Last December, Daly helped set up a new Seanad committee which would be dedicated to examining the draft statutory instruments that would eventually turn EU legislation into Irish law.
Daly told colleagues at a meeting of the committee on Tuesday morning that, despite the fact a number of EU directives are due to be turned into Irish law within the next six months, none have been sent to him.
He read out an extract from a letter from Micheál Martin to the committee, where the Taoiseach said the Government was “committed” to the work of the committee, including sending it draft statutory instruments and other important information “at least six months in advance of transposition deadlines”.
“I regret to inform the committee that we did not receive a single draft EU law that was added to by any Government department. Now, the fact that they will meet EU deadlines but not meet decisions of the Irish Government, the Irish Cabinet and the Taoiseach, is somewhat disturbing in terms of the democratic oversight that this committee has a mandate for,” Daly said.
“Irish citizens are entitled to see the laws that are being made on their behalf, to question those laws.
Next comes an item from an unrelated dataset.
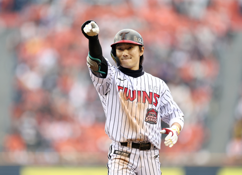 다만 신민재의 속마음은 "문보경이 (타격감을) 많이 묵혀뒀다"라고 웃으며 "며칠 전부터 훈련할 때 타격하는 걸 보니 좋더라"고 귀띔했다. 이어 "(오)지환이 형도 정규시즌과 달리 타격감이 정말 좋다"고 놀라워했다.

And the practice whereby they are put in front of Ministers’ desks with weeks to go to the deadline has resulted in Irish taxpayers, first of all, paying fines in some instances because of the late enactment of those laws.”
He said it was equally as bad that the public, Senators and TDs are not allowed to see the laws before they are enacted on their behalf.
Daly said that in an average year, the Oireachtas will pass “about 50” pieces of legislation, while there could be as many as 200 pieces of EU legislation that are signed into law.
“Now, if you were in a country where you said the members of parliament are only allowed to see 20 per cent of the laws, you would question whether or not that was democracy in action.”
He said the committee will meet within the next two weeks, “given the seriousness of the fact that we have been stopped from doing our work”, and will also write to the Taoiseach, the Attorney General and relevant Ministers whose departments failed to share draft legislation with the committee.
Minister of State for European Affairs Thomas Byrne told the committee that the European Commission has “the sole right of proposing an EU law” but before those laws come into effect they “have to be passed by the member states and by the European Parliament. So there’s a full discussion on those laws that goes on among the member states.”